Calculating $\lim_\limits{n\to \infty}\frac{n^{2}}{\left(2+\large\frac{1}{n}\right)^{n}}$

Question

How do you calculate : $$\lim_{n\to \infty}\frac{n^{2}}{\left(2+\frac{1}{n}\right)^{n}}$$

Thanks!

Answer 1

Let $a_n = \dfrac{n^{2}}{\left(2+\frac{1}{n}\right)^{n}}$.

Then $\sqrt[n]{a_n} = \dfrac{(\sqrt[n]{n})^{2}}{2+\frac{1}{n}} \to \dfrac12 < 1$.

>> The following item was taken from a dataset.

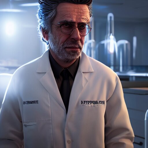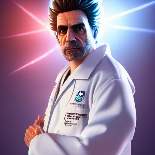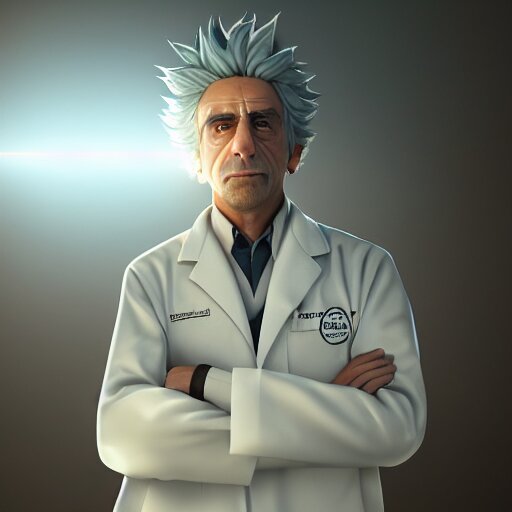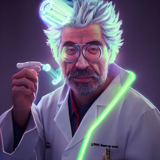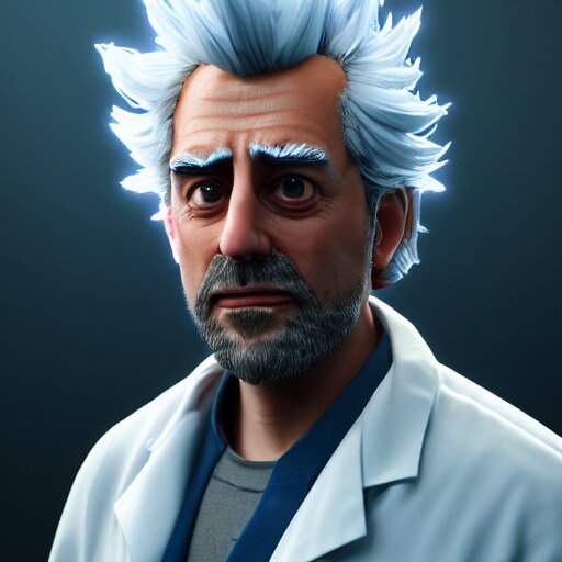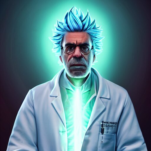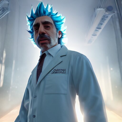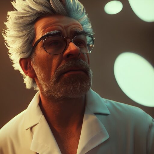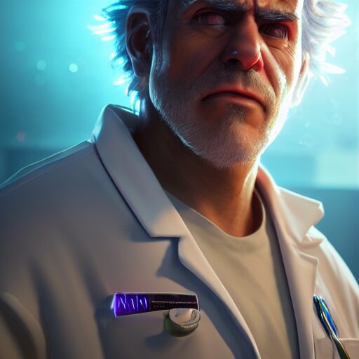 Portrait art of rick sanchez, lab coat, 8 k ultra realistic, lens flare, atmosphere, glow, detailed, intricate, full of colour, cinematic lighting, trending on artstation, 4 k, hyperrealistic, focused, extreme details, unreal engine 5, cinematic, masterpiece
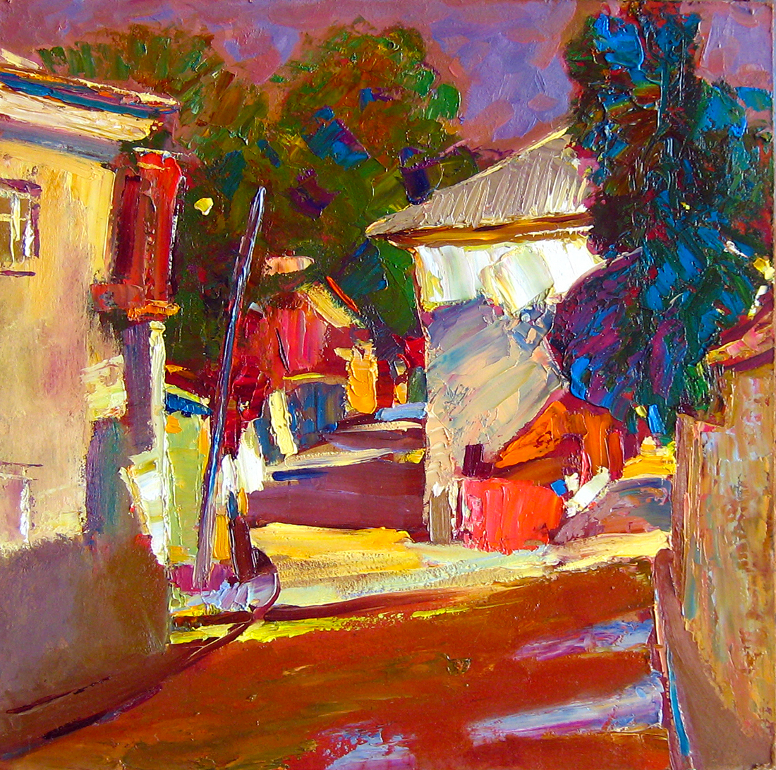 A colorful symphony is a rare phenomenon in modern visual art. Most artists are content to create beautiful melodies and do not try to develop an already good color theme to the scale of an artistic visual symphony. The solution of this type of problem requires a special kind of talent, and a tremendous amount of work. Add to that a high level of artistic cultural, a quality that at present is quite exotic. Nevertheless, interest towards this form of color constructions never dies out. Symphonic understanding of the color harmony is clearly witnessed in many works of the artist Yuri Platonov. Platonov’s scenes are quite traditional, but much less traditional are their color constructions. Let us dwell a little more on this feature of the paintings.

By the root test, $\sum a_n$ converges and so $a_n \to 0$.

Answer 2

HINT

What happens if you replace $(2+1/n)^n$ by $2^n$?

Answer 3

$n=\cfrac{x}{2}$ $$\underset{n\rightarrow\infty}{\lim}\cfrac{n^{2}}{\left(2+\dfrac{1}{n}\right)^{n}}=\underset{x\rightarrow\infty}{\lim}\cfrac{\dfrac{x^{2}}{4}}{\left(2+\dfrac{2}{x}\right)^{\frac{x}{2}}}=\underset{x\rightarrow\infty}{\lim}\cfrac{\dfrac{x^{2}}{4}}{2^\frac{x}{2}\sqrt{\left(1+\dfrac{1}{x}\right)^{x}}}=\underset{x\rightarrow\infty}{\lim}\cfrac{\dfrac{x^{2}}{4}}{2^\frac{x}{2}\sqrt{e}}=0$$

Answer 4

$$\lim_{n\to\infty}\frac{n^2}{(2+\tfrac1n)^n}=\lim_{n\to\infty}\left(\frac{(2+\tfrac1n)^n}{n^2}\right)^{-1}$$

Write $n^2$ as $(\sqrt[n]{n^2})^n$:

$$\lim_{n\to\infty}\left(\frac{(2+\frac1n)^n}{(\sqrt[n]{n^2})^n}\right)^{-1}=\lim_{n\to\infty}\left(\frac{2}{(\sqrt[n]{n})^2}+\frac{1}{n(\sqrt[n]{n})^2}\right)^{-n}=\left[\left(\frac{2}{1}+\frac{1}{1\cdot\infty}\right)^{-\infty}\right]=0$$

Because $\sqrt[n]{n}\to 1$

Answer 5

Write the denominator as $$\left(2+\frac1n\right)^n=2^n\left(1+\frac{1/2}{n}\right)^n \to +\infty\cdot e^{1/2}=+\infty$$ as $n\to +\infty$. So $$\lim_{n\to +\infty}\frac{n^2}{\left(2+\frac1n\right)^n}=e^{-1/2}\lim_{n\to+\infty}\frac{n^2}{2^n}=0$$ where the last equality is due to L'Hopital's rule, since $(2^n)''=2^n(\ln2)^2$ while $(n^2)''=2$ independent of $n$.